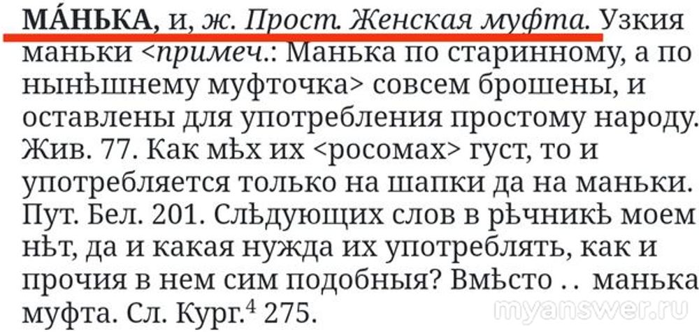 Эта привлекательная, милая штучка в женском костюме практически всегда составляла ансамбль с меховой шапкой и воротником. В России она получила свое распространение в XVIII веке (привез Петр I как веяние из Голландии, что интересно как деталь и мужского, и женского туалета). А уже во второй половине XVIII века редкий модник обходился без этого, её носили на шнурах и цепочках, она могла быть были узкой или широкой, из меха или с мехом, по последнему веянию моды и классической. Манькой называли муфту из соболя или из меха длинношерстных овец.
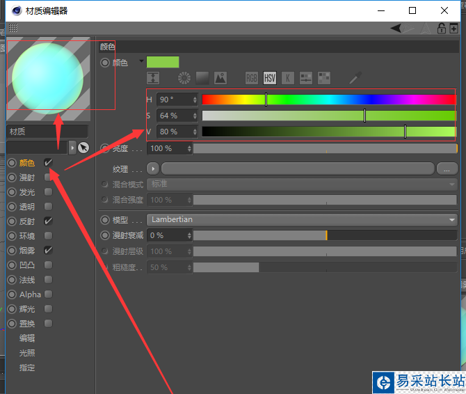 4、在顏色屬性中,選擇改變顏色,請注意預(yù)覽器的變化,在此說明一下,顏色屬性上的顏色是最底層,而煙霧屬性的顏色有優(yōu)先級;
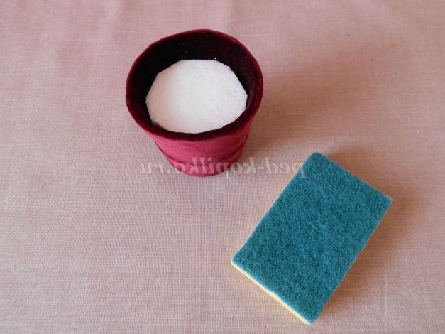 Посадимо наш тюльпан. Я взяла торф'яної горщик, рукав від старого оксамитового плаття, зелену губку і шматочок пінопласту. Ось такий оксамитовий, ошатний горщик вийшов.
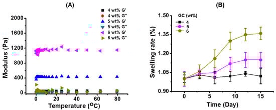 (A) Storage/loss (G′/G′′) moduli and (B) swelling ratio of GC hydrogels prepared by 4, 5, and 6 wt % of GC. The hydrogels showed larger storage modulus and loss. In addition, their swelling ratio increased with an increase of GC concentration.
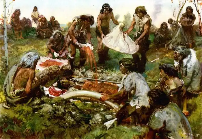 Для этого мало было подойти с подветренной стороны, следовало или смыть запах, или, в крайнем случае, перебить его более сильным, вроде запаха падали (так делают собаки). Однако абсолютное большинство людей, в самых разных культурах, терпеть не могут запаха падали — вероятно, и в каменном веке охотники предпочитали хорошо помыться или даже соскребать пот и грязь с тела (как делали, например, в небогатой пресной водой Древней Греции), заглушив остатки человеческого запаха каким-нибудь жиром. Возможно, смешанным с размятыми травами, чтобы пахло приятно и для добычи, и для охотника.
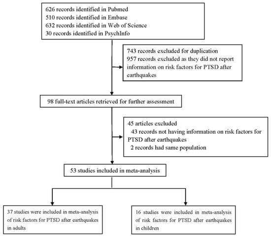 Observational studies (case-control, cross-sectional, and cohort studies) on risk factors for PTSD among earthquake survivors published in English between 1980 (the year PTSD was first included in the Diagnostic and Statistical Manual of Mental Disorders, DSM) and April 2016 were included in this meta-analysis. The following four psychological and medical literature databases were searched: PubMed, Embase, PsycInfo, and Web of Science. Search terms entered into the literature databases included combinations of the following: PTSD or post-traumatic stress disorder; earthquake(s); and risk, predictor, or prediction. A predictor or risk factor was operationally defined as any variable examined as a potential contributor to variability in PTSD symptom levels or diagnostic status. In addition, a manual search of references cited in all relevant original and review articles was conducted. For any full texts not available, we attempted to obtain information from the authors by email. This literature search yielded 886 published articles, which were then reviewed for inclusion in the meta-analysis using various inclusion and exclusion criteria.
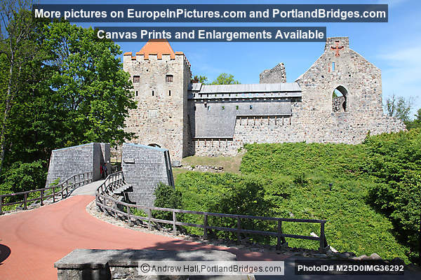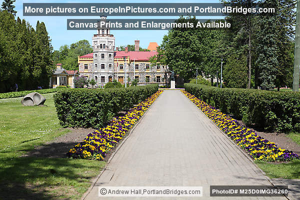 Sigulda is a pleasant town – not amazingly picturesque or anything. The main appeal seems to be that it’s at the edge of Gauja National Park. I walked (not exactly hiked because I was largely on sidewalks along streets) to one of the castles and to a recreation area high above the river. One of the attractions of this “hike” is to take a cable car high over the river valley for the view. But I could see part of the view of the river and didn’t think it was so amazing. So I decided to hike back to the train station and head on to Cēsis.
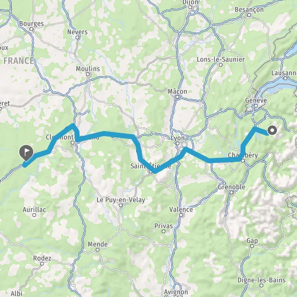 Continuer et rejoindre A89 E70. Continuer sur 83 kilomètres
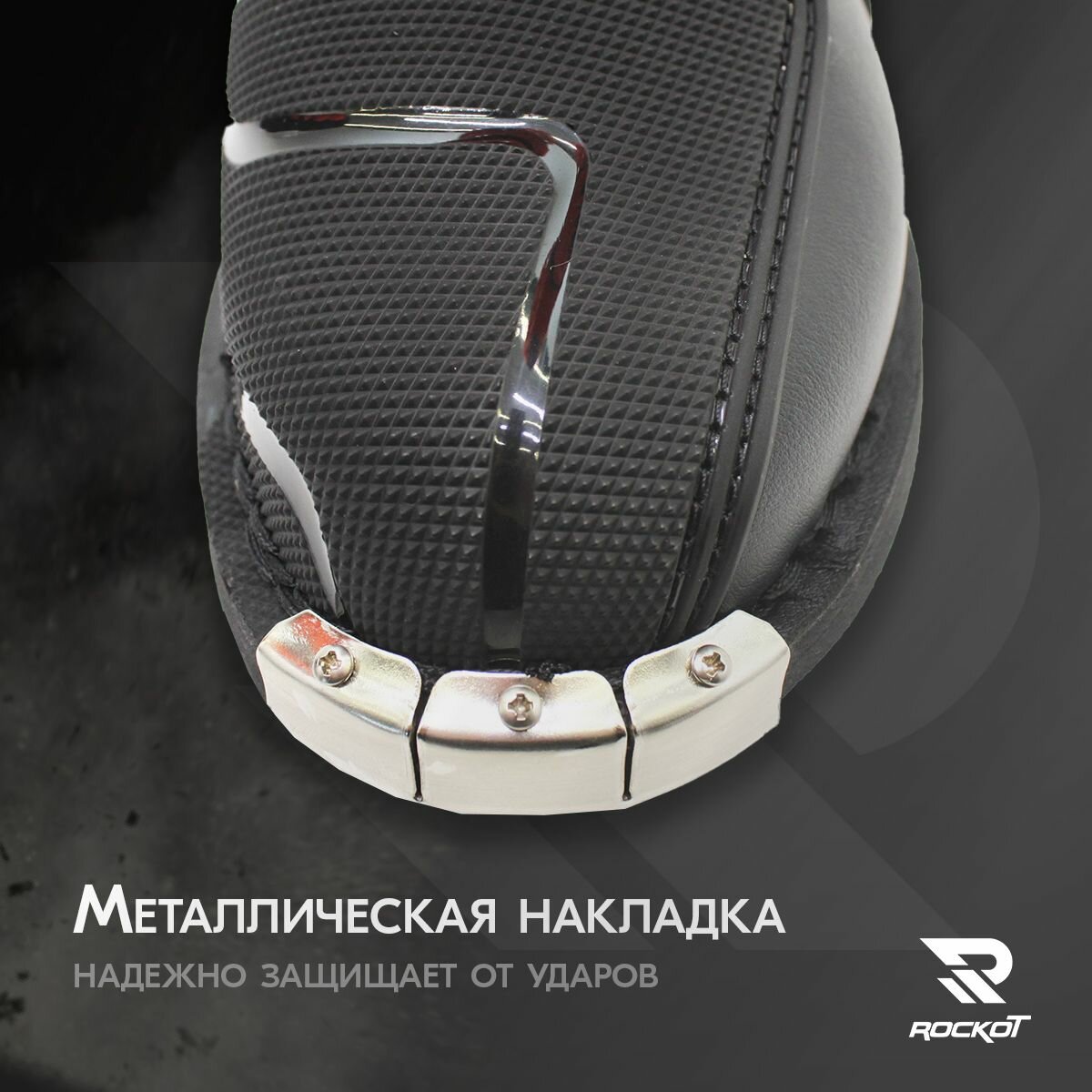 Металлические накладки на “носках” ботинок защитят пальцы ног, а также продлят срок службы мотообуви.
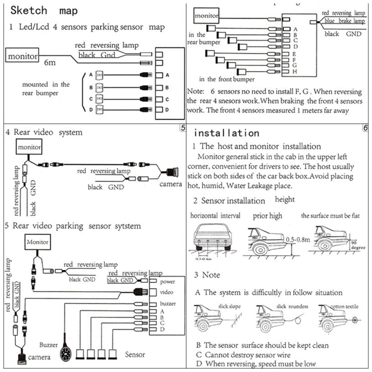 Sistema de alarma de estacionamiento con monitor LED y zumbador de marcha atrás PZ-300-8 con 4 sensores delanteros de 7 m y 4 sensores traseros de 2,5 m.
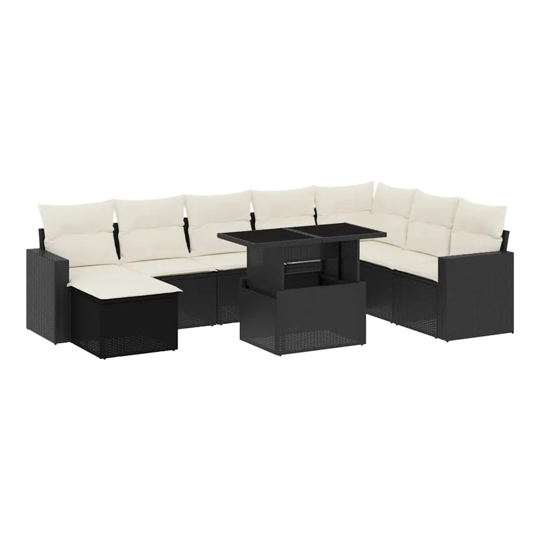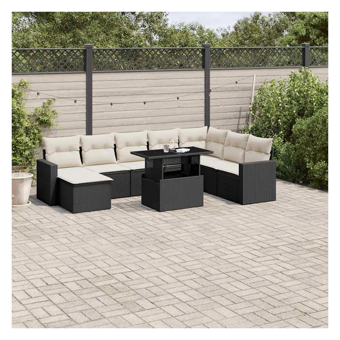 Cet ensemble de canapés de jardin est le complément parfait de votre arrière-cour, terrasse ou patio, offrant un espace confortable et accueillant pour discuter avec la famille et les amis ou simplement se détendre et profiter de l'extérieur. Matériau durable : la résine tressée, également connue sous le nom de poly rotin, est un matériau synthétique solide et nécessitant peu d'entretien qui ressemble au rotin naturel. Il est léger, facile à nettoyer et couramment utilisé pour les meubles d'extérieur en raison de sa durabilité et de ses propriétés de résistance aux intempéries.Dessus de table réglable : le dessus de table peut être soulevé pour rendre la table plus haute, ce qui transforme la table d'extérieur d'une table basse à une table de salle à manger. Elle est parfaite pour recevoir des invités ou prendre des repas à l'extérieur.Expérience d'assise confortable : ce mobilier d'extérieur, doté de coussins épais, offre une expérience d'assise confortable.Housse amovible et lavable : ces coussins de siège sont dotés de housses amovibles pour un lavage et un entretien faciles.Conception modulaire : cet ensemble de meubles d'extérieur a une conception modulaire, ce qui le rend complètement flexible et facile à déplacer, afin que vous puissiez créer un agencement de meubles d'extérieur personnalisé. Bon à savoir :Pour que vos meubles d'extérieur restent beaux, nous vous recommandons de les protéger avec une housse imperméable.
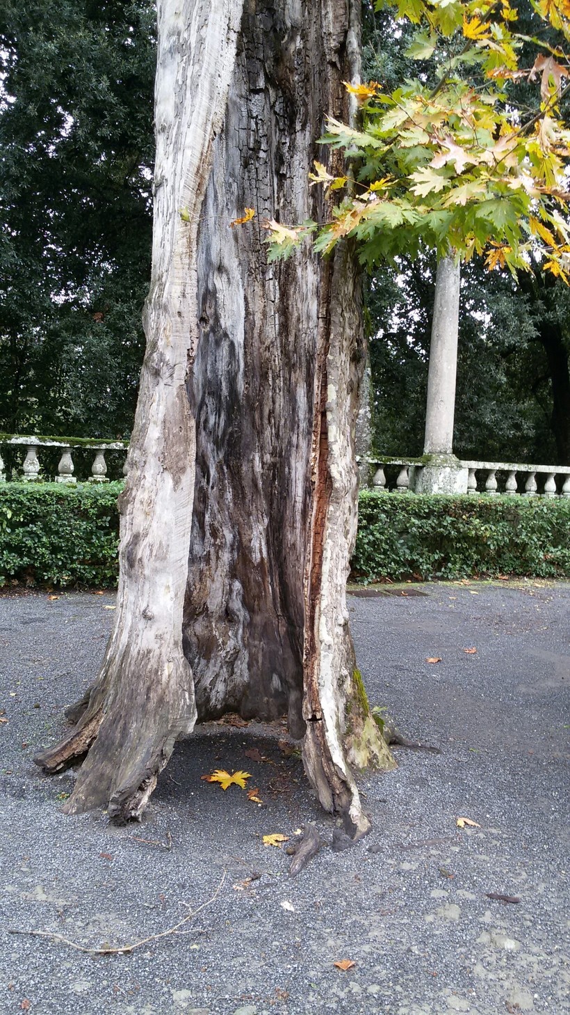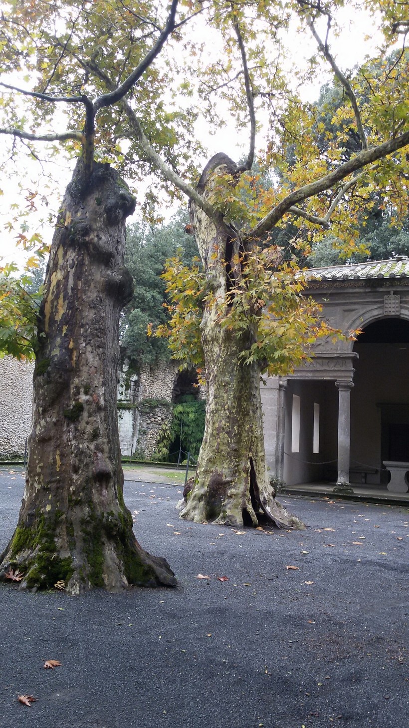 На этой верхней площадке меня поразили старые деревья, платаны. Ветхие, но такие стойкие. От некоторых только кора осталась, но они как-то держатся, что называется, на добром слове.
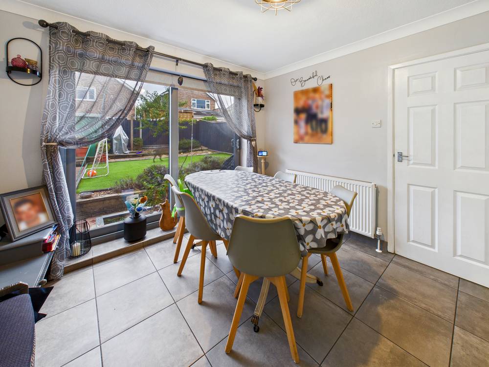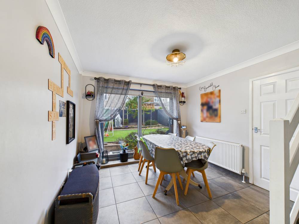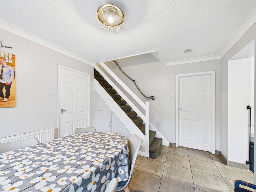 The spacious dining room gives you access to the kitchen, utility room and the living room. Tinted UPVC patio doors looking into the garden for privacy. Tiled flooring. Central heated radiator. Staircase giving access to the second floor.
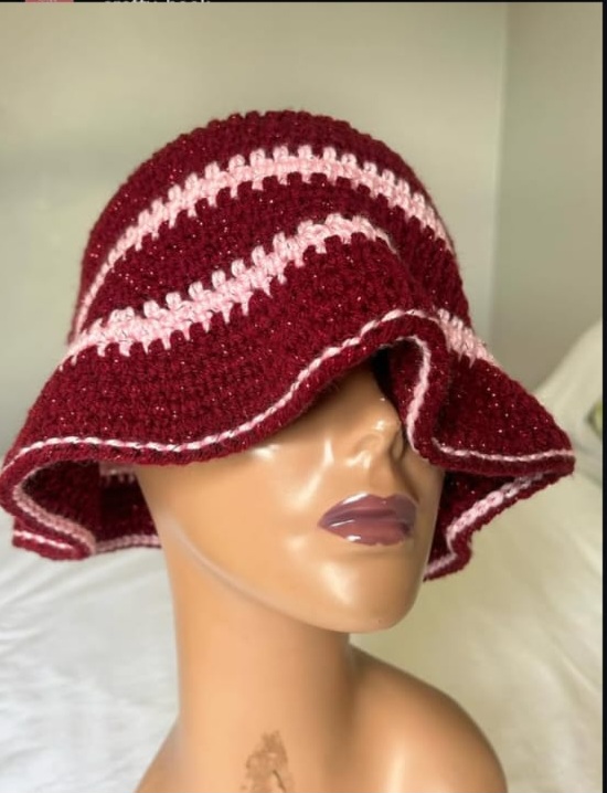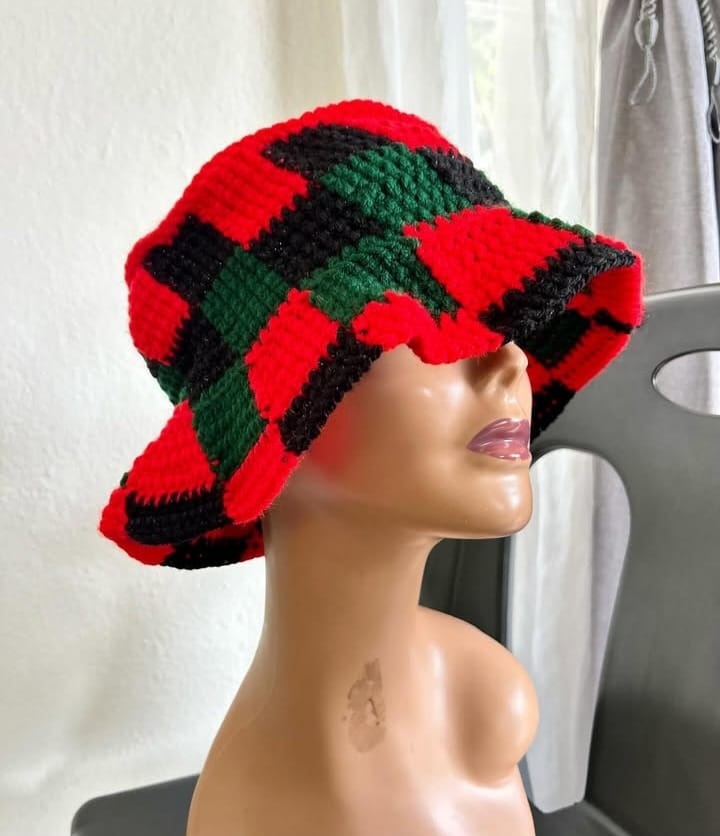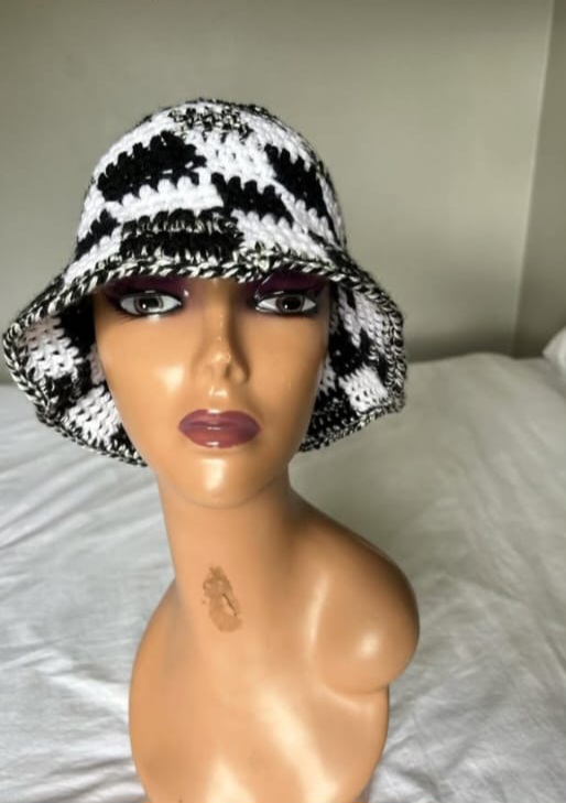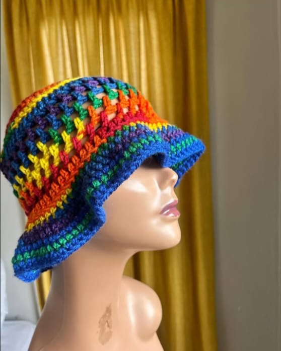 Handmade crochet bucket hat, trendy design, comfortable fit, durable yarn, available in custom colours.

■ **TASK TO COMPLETE**:
Every entry above needs to be printed again exactly, with its pictures left out.

■ **OUTPUT**:
 Эта привлекательная, милая штучка в женском костюме практически всегда составляла ансамбль с меховой шапкой и воротником. В России она получила свое распространение в XVIII веке (привез Петр I как веяние из Голландии, что интересно как деталь и мужского, и женского туалета). А уже во второй половине XVIII века редкий модник обходился без этого, её носили на шнурах и цепочках, она могла быть были узкой или широкой, из меха или с мехом, по последнему веянию моды и классической. Манькой называли муфту из соболя или из меха длинношерстных овец.
 4、在顏色屬性中,選擇改變顏色,請注意預(yù)覽器的變化,在此說明一下,顏色屬性上的顏色是最底層,而煙霧屬性的顏色有優(yōu)先級;
 Посадимо наш тюльпан. Я взяла торф'яної горщик, рукав від старого оксамитового плаття, зелену губку і шматочок пінопласту. Ось такий оксамитовий, ошатний горщик вийшов.
 (A) Storage/loss (G′/G′′) moduli and (B) swelling ratio of GC hydrogels prepared by 4, 5, and 6 wt % of GC. The hydrogels showed larger storage modulus and loss. In addition, their swelling ratio increased with an increase of GC concentration.
 Для этого мало было подойти с подветренной стороны, следовало или смыть запах, или, в крайнем случае, перебить его более сильным, вроде запаха падали (так делают собаки). Однако абсолютное большинство людей, в самых разных культурах, терпеть не могут запаха падали — вероятно, и в каменном веке охотники предпочитали хорошо помыться или даже соскребать пот и грязь с тела (как делали, например, в небогатой пресной водой Древней Греции), заглушив остатки человеческого запаха каким-нибудь жиром. Возможно, смешанным с размятыми травами, чтобы пахло приятно и для добычи, и для охотника.
 Observational studies (case-control, cross-sectional, and cohort studies) on risk factors for PTSD among earthquake survivors published in English between 1980 (the year PTSD was first included in the Diagnostic and Statistical Manual of Mental Disorders, DSM) and April 2016 were included in this meta-analysis. The following four psychological and medical literature databases were searched: PubMed, Embase, PsycInfo, and Web of Science. Search terms entered into the literature databases included combinations of the following: PTSD or post-traumatic stress disorder; earthquake(s); and risk, predictor, or prediction. A predictor or risk factor was operationally defined as any variable examined as a potential contributor to variability in PTSD symptom levels or diagnostic status. In addition, a manual search of references cited in all relevant original and review articles was conducted. For any full texts not available, we attempted to obtain information from the authors by email. This literature search yielded 886 published articles, which were then reviewed for inclusion in the meta-analysis using various inclusion and exclusion criteria.
 Sigulda is a pleasant town – not amazingly picturesque or anything. The main appeal seems to be that it’s at the edge of Gauja National Park. I walked (not exactly hiked because I was largely on sidewalks along streets) to one of the castles and to a recreation area high above the river. One of the attractions of this “hike” is to take a cable car high over the river valley for the view. But I could see part of the view of the river and didn’t think it was so amazing. So I decided to hike back to the train station and head on to Cēsis.
 Continuer et rejoindre A89 E70. Continuer sur 83 kilomètres
 Металлические накладки на “носках” ботинок защитят пальцы ног, а также продлят срок службы мотообуви.
 Sistema de alarma de estacionamiento con monitor LED y zumbador de marcha atrás PZ-300-8 con 4 sensores delanteros de 7 m y 4 sensores traseros de 2,5 m.
 Cet ensemble de canapés de jardin est le complément parfait de votre arrière-cour, terrasse ou patio, offrant un espace confortable et accueillant pour discuter avec la famille et les amis ou simplement se détendre et profiter de l'extérieur. Matériau durable : la résine tressée, également connue sous le nom de poly rotin, est un matériau synthétique solide et nécessitant peu d'entretien qui ressemble au rotin naturel. Il est léger, facile à nettoyer et couramment utilisé pour les meubles d'extérieur en raison de sa durabilité et de ses propriétés de résistance aux intempéries.Dessus de table réglable : le dessus de table peut être soulevé pour rendre la table plus haute, ce qui transforme la table d'extérieur d'une table basse à une table de salle à manger. Elle est parfaite pour recevoir des invités ou prendre des repas à l'extérieur.Expérience d'assise confortable : ce mobilier d'extérieur, doté de coussins épais, offre une expérience d'assise confortable.Housse amovible et lavable : ces coussins de siège sont dotés de housses amovibles pour un lavage et un entretien faciles.Conception modulaire : cet ensemble de meubles d'extérieur a une conception modulaire, ce qui le rend complètement flexible et facile à déplacer, afin que vous puissiez créer un agencement de meubles d'extérieur personnalisé. Bon à savoir :Pour que vos meubles d'extérieur restent beaux, nous vous recommandons de les protéger avec une housse imperméable.
 На этой верхней площадке меня поразили старые деревья, платаны. Ветхие, но такие стойкие. От некоторых только кора осталась, но они как-то держатся, что называется, на добром слове.
 The spacious dining room gives you access to the kitchen, utility room and the living room. Tinted UPVC patio doors looking into the garden for privacy. Tiled flooring. Central heated radiator. Staircase giving access to the second floor.
 Handmade crochet bucket hat, trendy design, comfortable fit, durable yarn, available in custom colours.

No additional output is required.